В глазах потемнело от боли и осознания предательства. В груди появился комок, и трудно стало дышать. Я понимаю, что на меня нахлынули и меня буквально затопили его чувства. Не мои. Все это сейчас проживает и ощущает Поль. Ему стало известно, что я уехала и ему запретили забирать у меня сына.
Очень остро. Чувства такие мощные и сильные, словно плотину прорвало, и они нахлынули одним махом. Как будто сам Поль сейчас во мне. И невозможно от этого избавится и задышать свободно. Неужели эта та самая ментальная связь, о которой он говорил? Но почему она появилась только сейчас?
— Вам плохо? Что с вами? — спросил всё тот же разговорчивый сосед.
— Воды. Попросите принести воды, пожалуйста.
— Да, да, конечно.
Глава 30
Меня накрыло такое эмоциональное состояние, что я не знала, куда мне деться. Как вообще с этим можно жить? Неужели так будет всегда? Про себя стала молиться, чтобы состояние, которое меня накрыло, никак не повлияло на моё физиологическое здоровье и здоровье моего малыша. Приступ боли постепенно притих. Нет, он не уменьшился по силе, и не видоизменился. Просто со временем мне показалось, что я стала ощущать эмоции Поля притупленно, как бы издали. Возможно, я адаптировалась к подобному состоянию, но вероятнее всего, чем больше становилось расстояние между нами, тем отдалённее я ощущала его эмоции. И все же я его чувствовала! И могла различать, где его эмоции, а где мои.
Далее всё было как в тумане. Смутно помню, как вышла с самолёта и попала в зал прилёта. Хорошо, что меня там встречали родители. Они же позаботились о моем багаже.

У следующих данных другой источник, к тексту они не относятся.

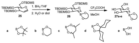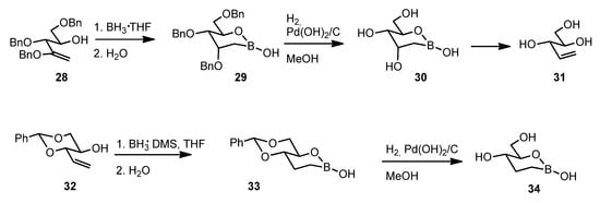 In 2018, Aoki’s group reported the synthesis and biological evaluation of 1,2-dideoxy-d-glucopyranos-2-ylboronic acid as shown in Scheme 4 [36].
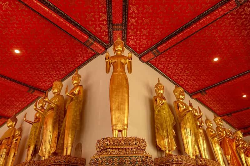 Dans les galeries qui longent les cloîtres du temple, vous découvrirez plusieurs centaines de statues de Bouddha alignées avec soin. Majoritairement réalisées à l’époque d’Ayutthaya, elles témoignent du riche patrimoine artistique thaï. Entre poses méditatives et gestes d’apaisement, chaque statue ponctue votre parcours d’une atmosphère paisible. Ces galeries offrent également un abri bienvenu face à la chaleur de Bangkok, vous permettant d’explorer l’architecture traditionnelle et de contempler ces œuvres uniques.

С трудом дотерпела до приезда в родительскую квартиру. К себе пока возвращаться я не захотела. Вернуться в квартиру, где еще недавно мы были с Полем вместе, туда, где он опекал меня и постоянно заботился, оказалось выше моих сил. Я прошла в комнату, ту самую, которую в доме родителей считала своей, и свернулась на диване калачиком. Словно сквозь толщу воды слышались настоятельные уговоры мамы:
— Нельзя так. Что бы между вами там не произошло, тебе нужно думать в первую очередь о малыше. И нервничать беременной не выход.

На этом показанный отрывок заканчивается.